DishHD customers who subscribe to the Starz Movie Pack or DishHD Platinum will now get Starz HDTV, featuring films from Hollywood studios such as Walt Disney Pictures, Touchstone Pictures, Hollywood Pictures, Columbia Pictures, Miramax Films, Sony Pictures Classics, Revolution Studios, Samuel Goldwyn Films, Dimension Films and Screen Gems among other leading distributors.

DISH Network is now offering a free equipment upgrade to customers leasing its standard HD receiver. In addition, the up-front lease fee for DISH Network's HD digital video recorder satellite TV receiver has been reduced to $199.99, down from $299.99.

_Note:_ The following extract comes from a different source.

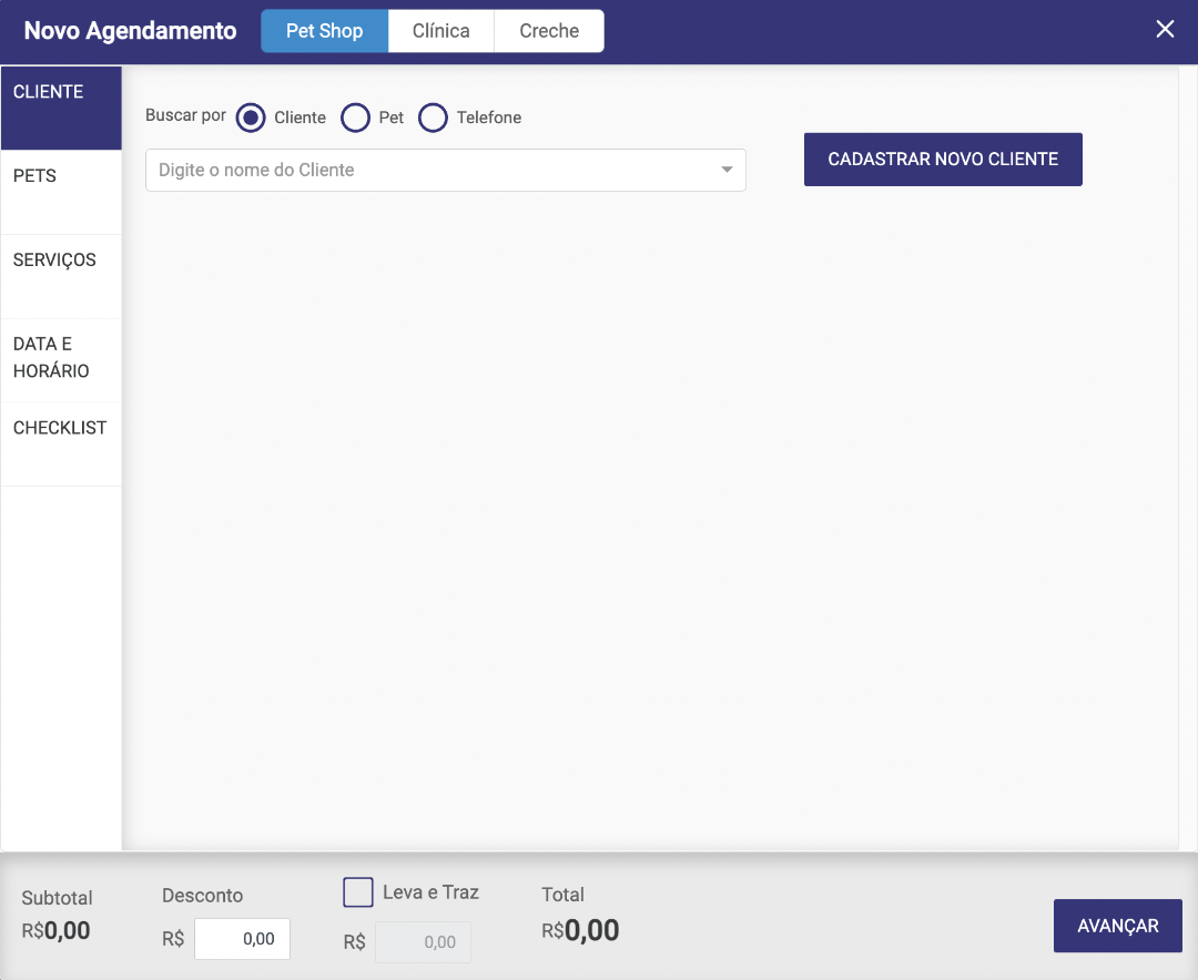 Após clicar no ícone de novo agendamento, irá abrir essa tela, na primeira parte, será referente a busca do cliente, na qual pode ser feita por: Nome do Cliente, Nome do Pet ou Telefone.

New customers can also save $200 if they subscribe to DishHD Bronze or higher through DISH Network's HD Bonus promotion combined with its current $100 Back offer. To take advantage of the HD Bonus promotion, new customers must submit a redemption form with their first bill to receive the benefits, which in turn provides a $20 credit on each subsequent bill for 10 months. Both the discounted lease upgrade fees and the HD Bonus will run through Jan. 31, 2007.

For more information about DishHD programming packages, DISH Network's HD receivers or current HD promotions, visit www.dishnetwork.com.

*Source*


----------



## tomcrown1 (Jan 16, 2006)

to keep up the tradition hey I just got cheated I paid $299 to upgrade when it is now $199 dish owes me $100.00

Now that was stated lets talk about the new Starz HD I am in HD haven(heaven)


----------



## HDdude24 (Feb 9, 2006)

booo I gotta have gold to have NGHD free preview :nono2:


----------



## the_bear (Oct 18, 2004)

Is the Geographic Channel HD free preview mpeg2 or 4? I wonder if I can watch it with my 942?


----------



## tnsprin (Mar 16, 2003)

the_bear said:


> Is the Geographic Channel HD free preview mpeg2 or 4? I wonder if I can watch it with my 942?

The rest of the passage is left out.